Chevy Bolt Buyback vs. MRSP Swap: Which is Better?

The MSRP swap for Chevy Bolt EVs applies when you still owe on the vehicle. The loan is transferred from the old car to the new vehicle, and there are any other charges the specific ordinance may require. On the other hand, the buyback offer applies when the company calculates the trade value of the current vehicle per the state lemon law plus any additional charges the state lemon law may require.

Are you currently conflicted over what to do with your Chevy Bolt manufactured between 2017 and 2021? —whether to use the buyback process or choose an MRSP swap instead?

You want to know how long it would take, how strenuous each process is, and ultimately, which offer would pay off more before making a decision.

Even if you see yourself switching to another EV brand, you’ll want to know how the buyback offers come out and whether or not they are pretty much the same as trade-in value or better.

The ideal option for you to choose between these two offers depends on how laws around buying back or replacing defunct vehicles—known as Lemon Laws—work in your state since Chevrolet (General Motors) processes buybacks on a case-by-case basis.

In the rest of this article, I will compare the processes involved in the Chevy Bolt buyback and replacement options to help you decide which offer is best for your situation.

My background

In my case, I had almost 60,000 miles on my 2017 Bolt Premier in 2022 and had paid around $44,000.

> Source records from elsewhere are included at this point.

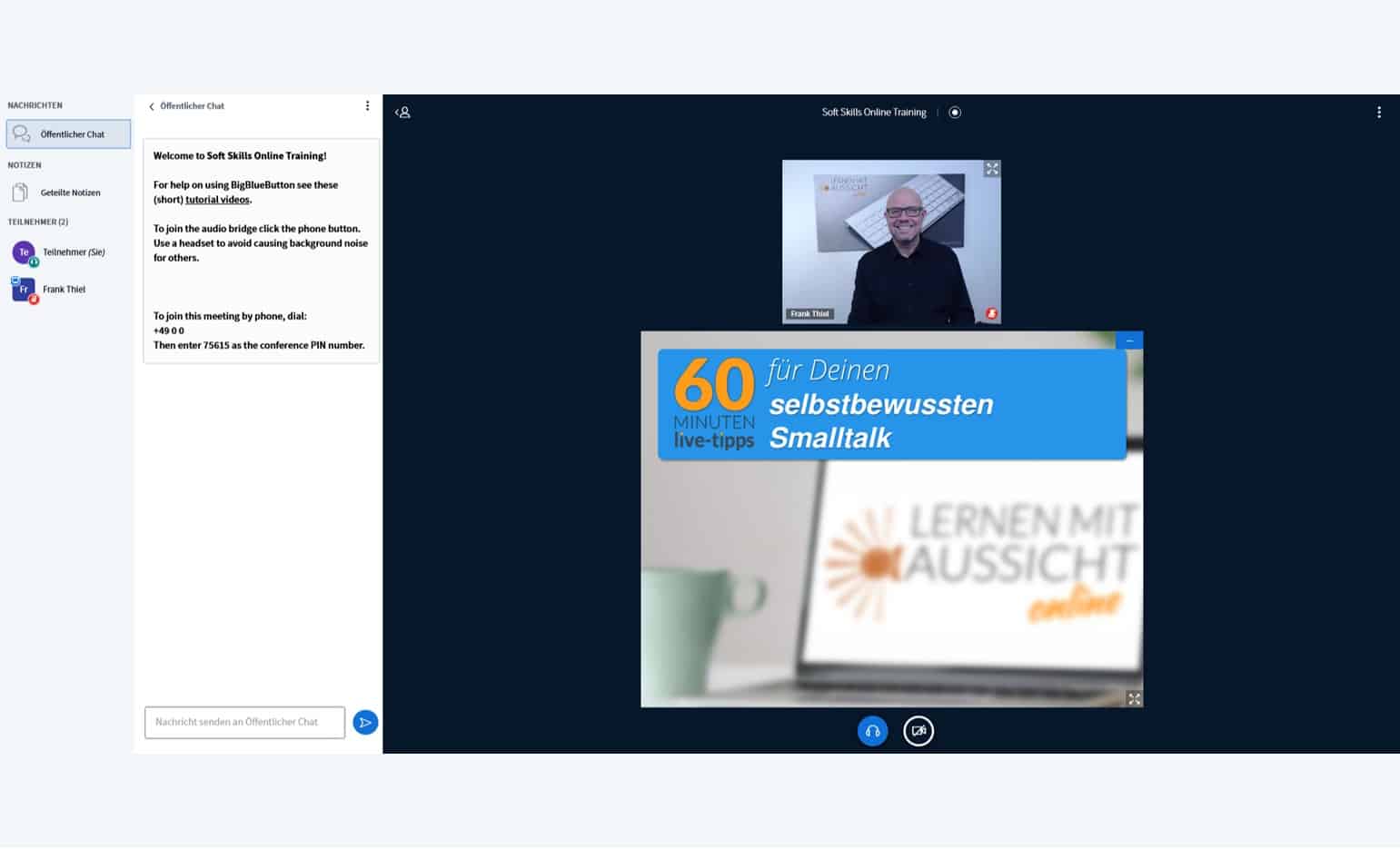 Weitere InformationenDie Soft Skills Online Trainings werden von uns „live“ mittels des browserbasierten Videokonferenz-Tools (BigBlueButton/Open Source) an einem mit Ihnen vereinbarten Datum vermittelt.
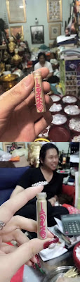 - Arjarn Natt magically made in ancient Khmer magic way because this is using concentrated oil from Phee Tai Thong Glom ( pregnant spirit oil) a women “Panee” corpse that died while 8th month pregnant stirred with Wanh Dork Thong (a charm flowering plant) and charm vines. In addition, Arjarn Natt wrote magical Yant around the bottle on the shroud (corpse cloth) and tied with funeral thread by himself.
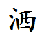 ”;演变为楷书“洒”。“洒”引申为“把水散布在地上,使水或其他东西分散地落下,东西散落”等义。古文中多用“灑”代替“洒”,简化汉字时用又用“洒”代替了“灑”。“灑”成了“洒”的繁体字,“洒”成了“灑”的简体字。“洒”本读xī,合并了“灑”后改读sǎ。

I processed the buyback option, and General Motors (GM) repurchased it for $25,000. It would have been better if I had gone with the swap.

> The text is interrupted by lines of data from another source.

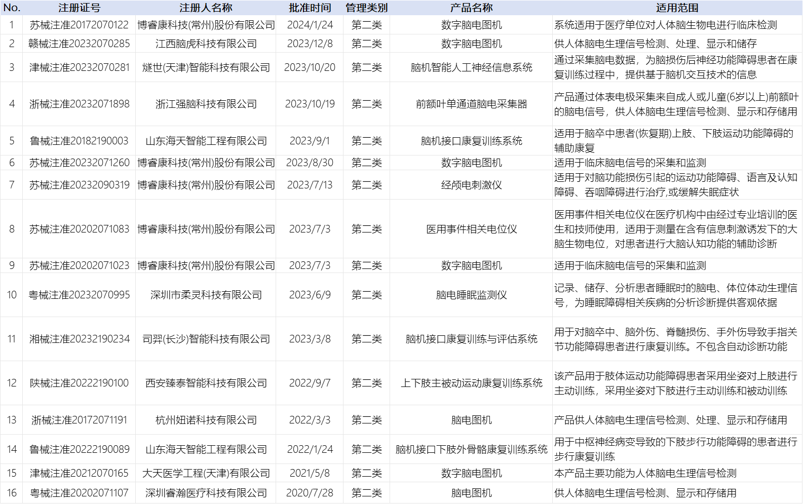 我國已獲批的二類腦機(jī)接口產(chǎn)品
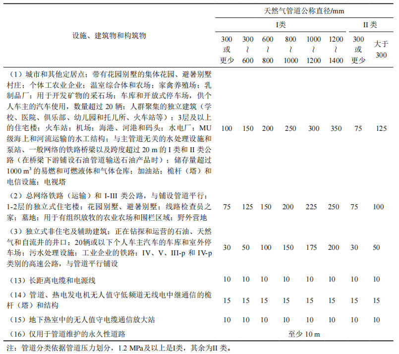 我國管道設計標準GB 50251―2015《輸氣管道工程設計規范》和GB 50253―2014《輸油管道工程設計規范》中規定管道兩側5 m不能有建構筑物,與烏國標準所規定的控制距離差別較大。
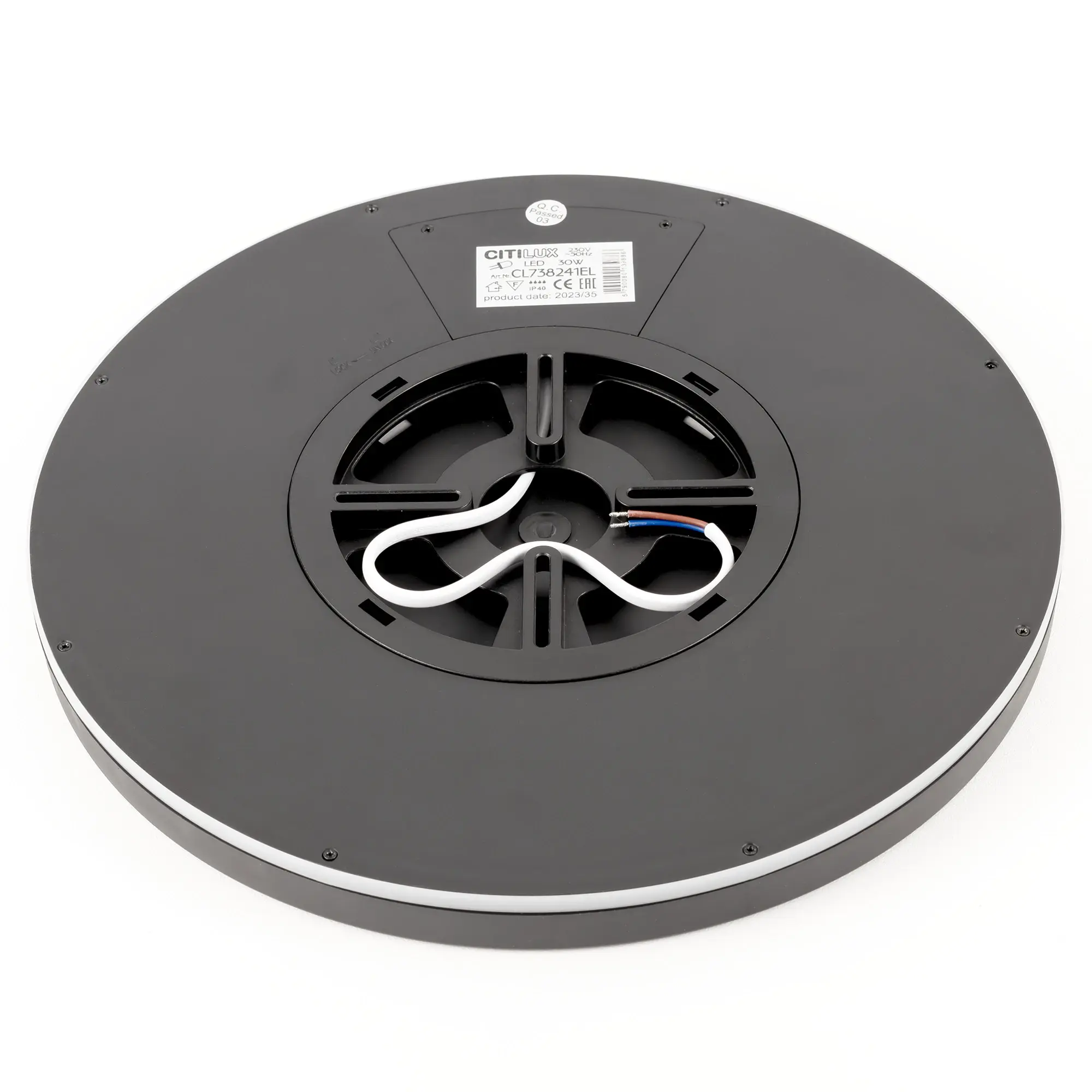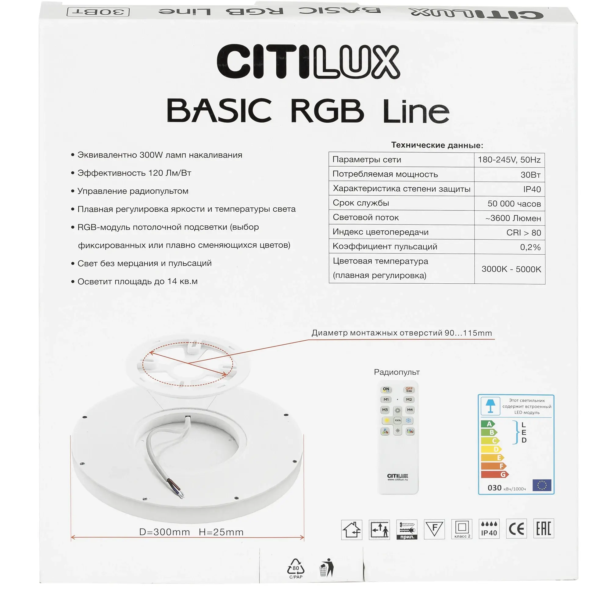 Изделие мощностью 30Вт, обладает высокой энергоэффективностью – 120Лм/Вт. Диаметр 30см, высота 2,5см, осветит до 14м². Свет безопасный для глаз, без мерцания и пульсаций. Тип крепления – удобная монтажная платформа.

But even with the buyback, the company added everything I paid into the vehicle, including the down payment and all monthly payments, sales tax, registration, and gap insurance. Then it subtracted the ‘usage fee’ based on the mileage.

It has been more than two years since General Motors recalled their Chevy Bolt EV due to battery-related fire risks.

According to TechCrunch’s American online newspaper, Chevrolet has spent $800 million to buy back some of its recalled Bolts.

What Happened in the First Place?

The Chevy Bolt recall began in November 2020 after the automaker got constant reports about battery fires in parked vehicles.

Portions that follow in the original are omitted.